- **DATASET EXCERPT**:
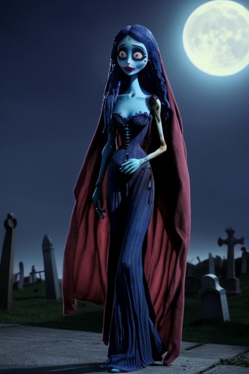 The Corpse Bride walking through a cemetery on a moonlit night. Black full length dress, Light-blue skin, big eyes, big lips, tiny nose, blue mascara, blue hair, sultry, looking at camera
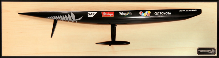 Hand-crafted plank-on-frame wood hull with glossy black hull and sponsors logos . Mounted on a light wood back board.
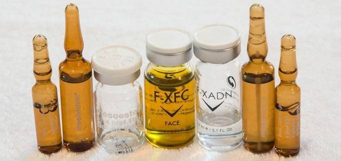 Препараты бывают животного и растительного происхождения, а также произведенные промышленным способом. Для процедур используются как готовые коктейли, так и составленные индивидуально под потребности клиента. Список компонентов, используемых косметологами, довольно внушительный: коллаген, эластин, гиалуроновая кислота, артишок, витамины, микроэлементы, белки, аминокислоты и др.
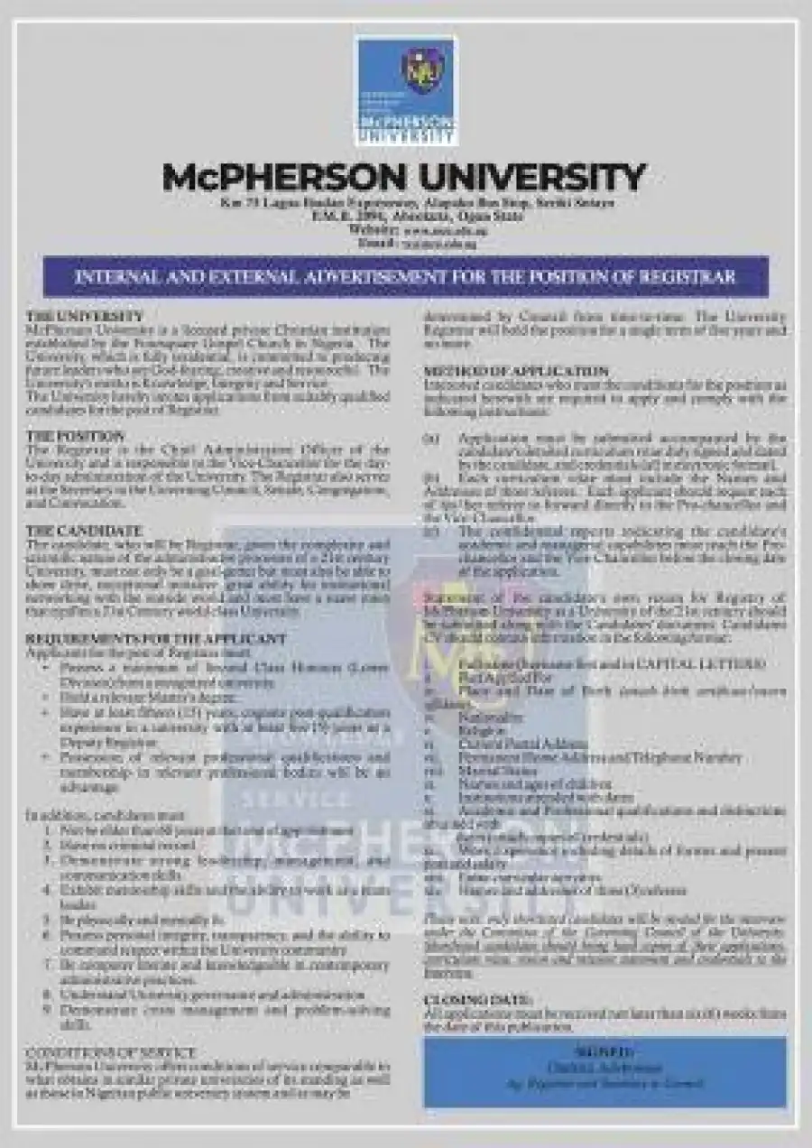 McPherson University offers conditions of service comparable to what obtains in similar private universities of its standing as well as those in Nigerian public university system and as may be determined by Council from time-to-time. The University Registrar will hold the position for a single term of five years and no more.

- **EXERCISE DETAILS**:
Keep to the lines above from the line with "Hand-crafted plank-on-frame wood" to the line with "Препараты бывают животного", and set down exactly those, inclusive, with nothing else and every picture left out.

- **EXERCISE RESULT**:
 Hand-crafted plank-on-frame wood hull with glossy black hull and sponsors logos . Mounted on a light wood back board.
 Препараты бывают животного и растительного происхождения, а также произведенные промышленным способом. Для процедур используются как готовые коктейли, так и составленные индивидуально под потребности клиента. Список компонентов, используемых косметологами, довольно внушительный: коллаген, эластин, гиалуроновая кислота, артишок, витамины, микроэлементы, белки, аминокислоты и др.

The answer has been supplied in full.